Honeybees do die after using their stinger to inject venom, but many other kinds of bees and stinging insects do not. Honeybees die after using their stingers because they can’t retract them. Instead the stinger is ripped out, which kills the bee in the process. But wasps, hornets and many other kinds of bees can safely remove their stinger after injecting it, allowing them to sting again and again. 

Don’t be too bummed by this news because while some bees are capable of stinging more than once, most bee species aren’t capable of stinging at all. Of the more than 20,000 bee species in the world, only about 500 are capable of stinging.

It can be too cold to snow 

Our coldest winter days are often clear and sunny, but don’t let that fool you into thinking it’s too cold to snow. It cannot ever be too cold to snow.

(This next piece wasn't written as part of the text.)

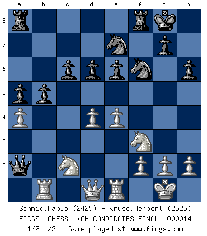Last move : 1/2-1/2 2017 May 1 19:23:25 [Event "FICGS__CHESS__WCH_CANDIDATES_FINAL__000014"] [Site "FICGS"] [Date "2017.01.26"] [Round "6"] [White "Schmid,Pablo"] [Black "Kruse,Herbert"] [Result "1/2-1/2"] [WhiteElo "2429"] [BlackElo "2525"] 1.e4 e5 2.Nf3 Nc6 3.Bc4 Nf6 4.d3 Bc5 5.c3 d6 6.O-O h6 7.a4 a5 8.Na3 O-O 9.Nc2 Ne7 10.Re1 Bb6 11.Be3 c6 12.Bxb6 Qxb6 13.Ne3 Qxb2 14.Rb1 Qa3 15.Bb3 b5 16.d4 exd4 17.cxd4 Be6 18.Bxe6 fxe6 19.Nc2 Qa2 20.Ra1 Qb2 21.Rb1 Qa2 22.Ra1 Qb2 23.Rb1 Qa2 1/2-1/2 Two knights defense (Modern Bishop's Opening) Kingside Castling by player White (move 6) Kingside Castling by player Black (move 8) This chess game ended in a draw. Follow this game move after move (download)We must make sure that Chess will not be like a dead language, very interesting, but for a very small group. (Sytze Faber) Modernes Schach erfordert enorme Anspannung. Es ist für einen normalen Menschen unmöglich das auszuhalten. (Viktor Kortschnoi) Me dio la sensación de como si yo estuviera jugando en contra del mismo Ajedrez. - al estar jugando en contra de Robert Fischer (Walter Shipman) Aux échecs, les retours au sommet sont rares : les dommages psychologiques consécutifs à une défaite sont trop sévères. (Daily Telegraph) Cactus - It is depressed cucumber. (Ilmars Cirulis)

The idea that it’s too cold to snow may have come about because most heavy snowfall occurs when the temperature is at least 15 degrees Fahrenheit. Heavy snow doesn’t usually fall when it’s colder than that because moisture is important in the development of snow, and the air is usually too dry when it is below 15 degrees for heavy snow to develop. 

At lower temperatures, snow crystals still form, but they don’t develop into large flakes because there isn’t enough water in the atmosphere for them to grow. These tiny ice crystals do fall to the earth, but they typically evaporate before reaching the ground. 

Fawns are born without a scent 

This myth can be busted, but it’s close to true. Fawns are born with a scent, but it’s very faint. And their faint scent serves an important purpose.

A white-tailed deer standing in tall grasses in front of a log.
(Photo courtesy of Joe Viola)

Fawns have only a faint scent because their scent glands are not fully developed at birth. This is useful because it makes it harder for predators to sniff them out.

Because they are hard for predators to find using scent alone, mother does often leave their fawns for long periods. While she never travels too far from them, she only visits them a few times a day to nurse.